Mr Lusaka acknowledged that it would take some time before the firm realises its full potential once it starts operations.
He said the county government is committed to providing the necessary support to ensure the revival succeeds.
“While Pan Paper’s capacity may not match the level it used to enjoy before it collapsed, I strongly believe it will be totally on track in less than five years,” Mr Lusaka said.
“We will do everything possible to ensure the revival succeeds. This will range from infrastructural development, relaxation of any bureaucratic processes such as getting necessary permits or certificates.”
Former employees are also optimistic of resuming work after being in the cold for over eight years.
Mr Wellington Khaemba, a former staff, said the management had already contacted them and provided modalities of how they would resume their respective duties.
He said many employees are hoping to get back to work while others are looking to be paid their benefits that had accrued before the mill collapsed.
Strategic investors
Tarlochan Limited, a subsidiary of Rai Group of Companies and the new strategic investors, took over the company following the signing of a sale and purchase agreement between the company and receiver managers.
Speaking during the handover ceremony in Webuye in May this year, Rai Group of Companies Chairman Jaswant Rai, said they were committed to the revival of the company with focus on paper production.
Mr Rai said they had projected to inject close to Sh6 billion into the company in the next 10 years to rehabilitate and revive old machines.
“The handover process provides an opportunity for us to re-asses the plant and equipment.

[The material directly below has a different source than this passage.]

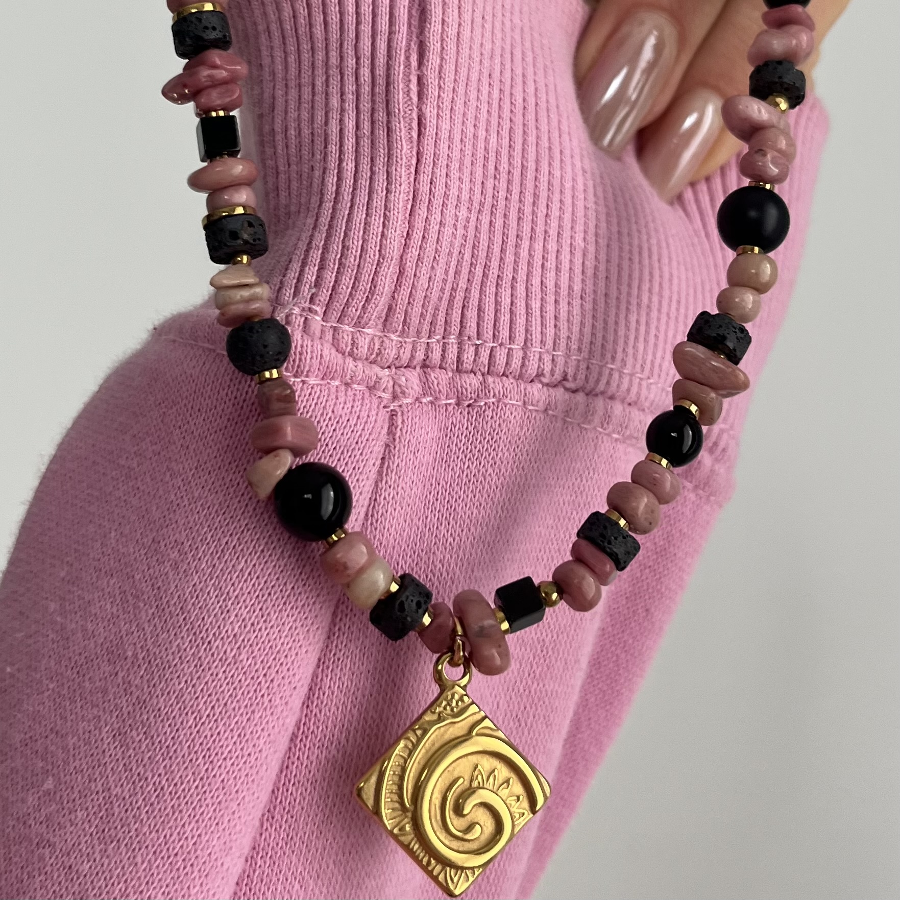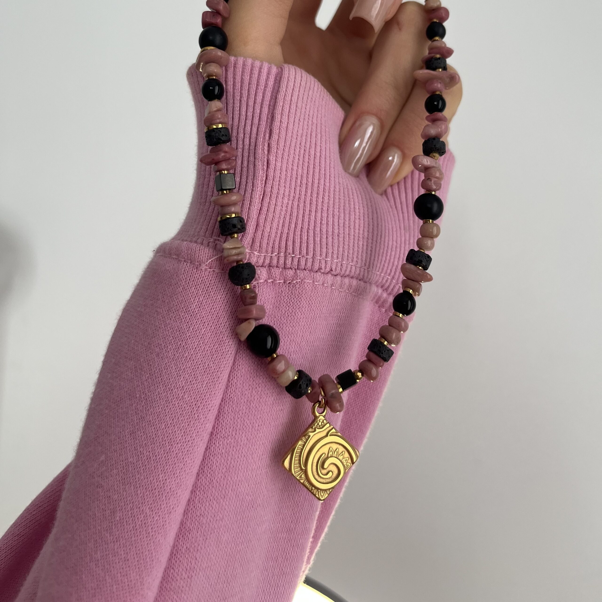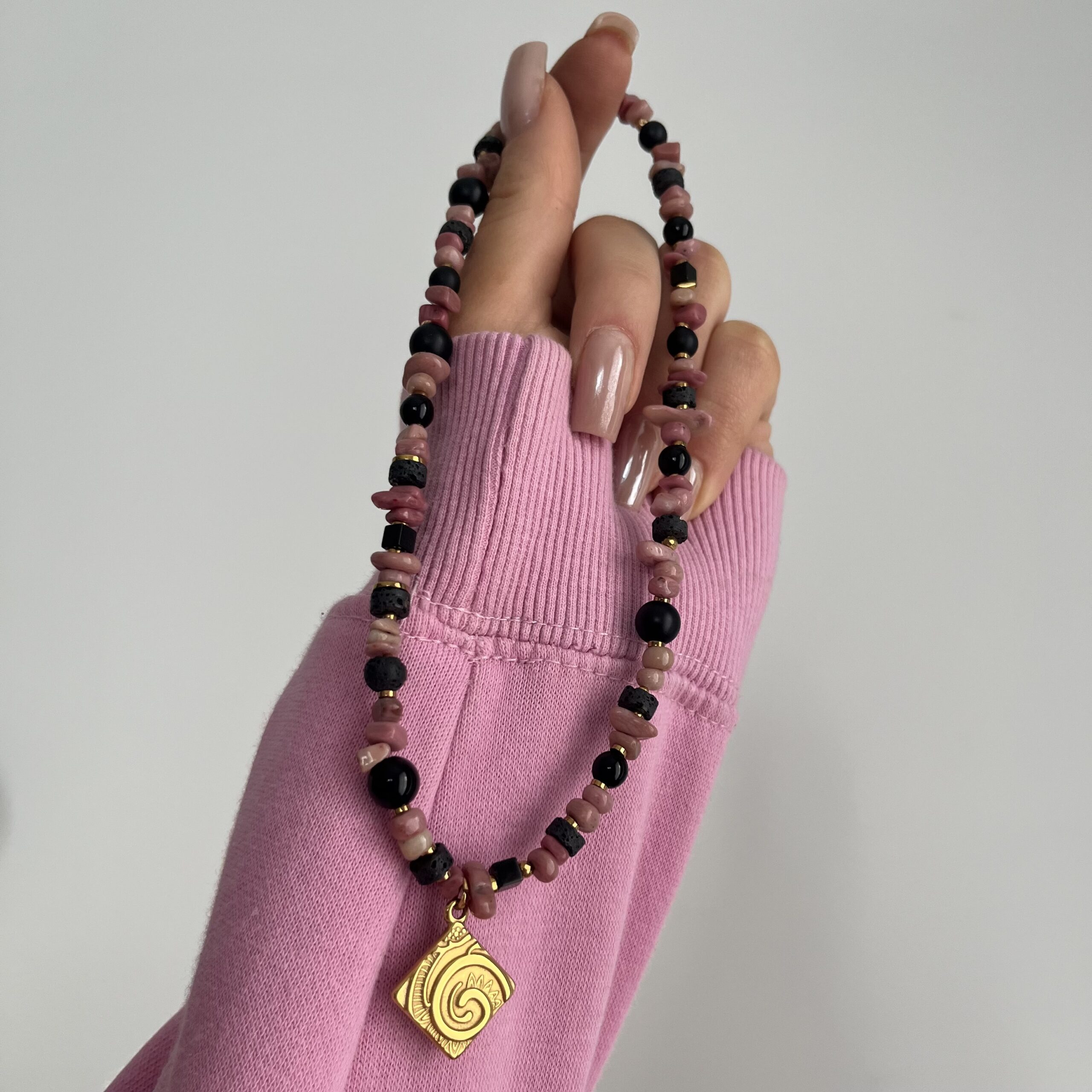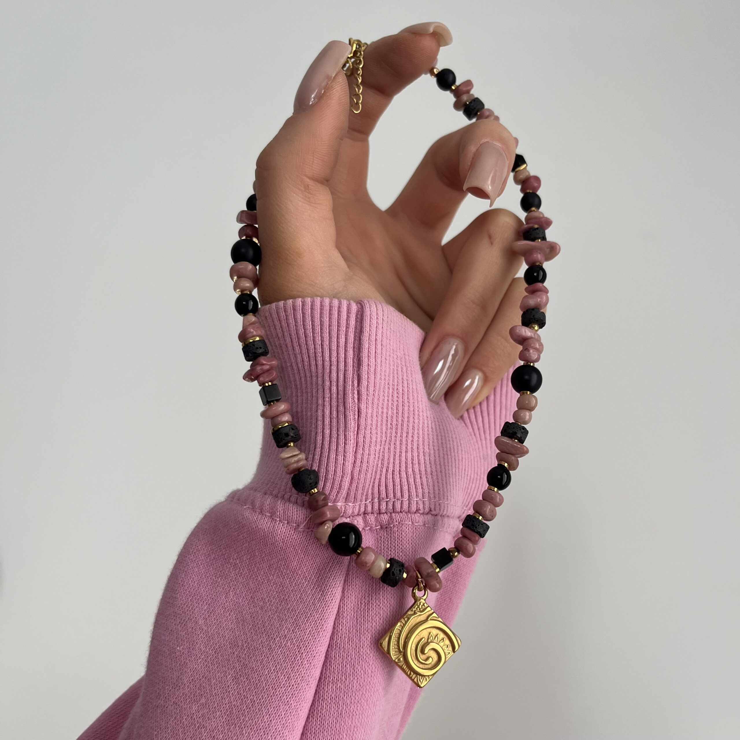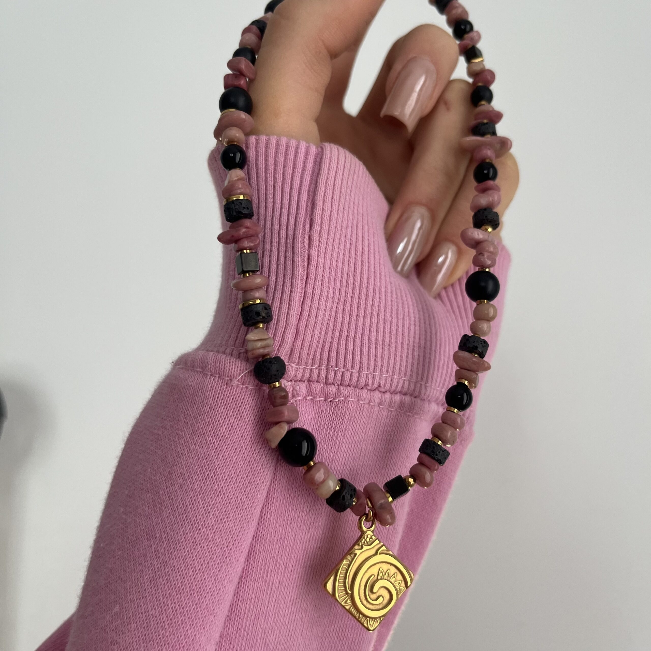 Tworzę go z rodonitu, onyksu i lawy wulkanicznej, uzupełnionych złotymi hematytami, które dodają całości elegancji i delikatnego blasku. Rodonit kojarzony jest z harmonią i emocjonalną równowagą, onyks z siłą i stabilnością, a lawa wulkaniczna z ugruntowaniem i wewnętrzną mocą. Złota zawieszka stanowi wyrazisty akcent, który pięknie przyciąga wzrok.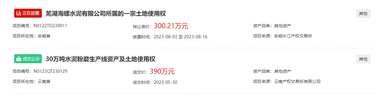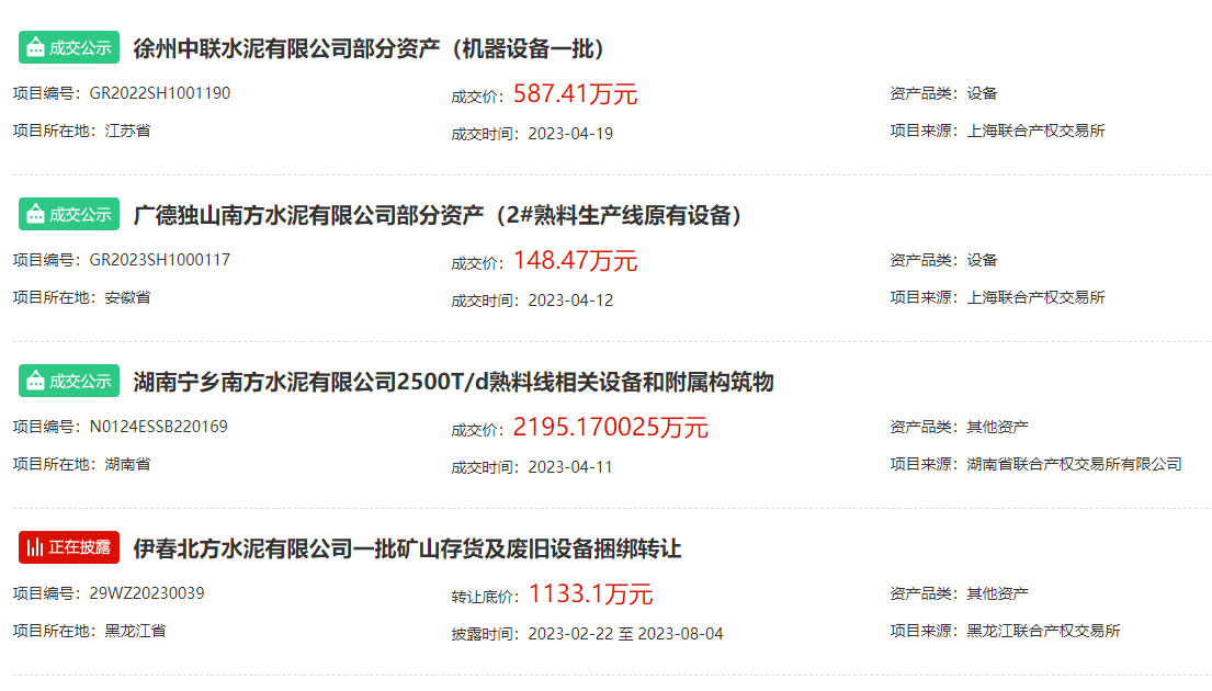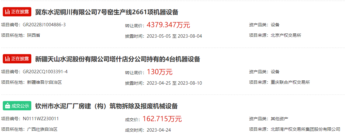 另有包含華潤(rùn)水泥、冀東水泥、萬(wàn)年青水泥在內(nèi)的4家品牌企業(yè)公開(kāi)出讓企業(yè)股權(quán);包含行業(yè)知名企業(yè)蕪湖海螺水泥在內(nèi)的兩家企業(yè)公開(kāi)出讓土地使用權(quán);包含天山水泥、中聯(lián)水泥、南方水泥、北方水泥、冀東水泥在內(nèi)的14家企業(yè)公開(kāi)出讓熟料生產(chǎn)線、熟料指標(biāo)、房屋建筑物、構(gòu)筑物及機(jī)器設(shè)備等資產(chǎn)。

From our initial assessment, most of the critical machinery will require total replacement and technological upgrades to ensure that we can start operations within this calendar year,” said Mr Rai.
He said he was not after a timber licence as alluded to by a section of leaders. “We are not interested in the timber licence as claimed by certain people. Why should we pay Sh900 million just to acquire a timber licence?” said Mr Rai.
Bungoma residents are optimistic that the revival plan would create jobs and improve living standards.
The miller is expected to employ about 1,500 employees once they start running.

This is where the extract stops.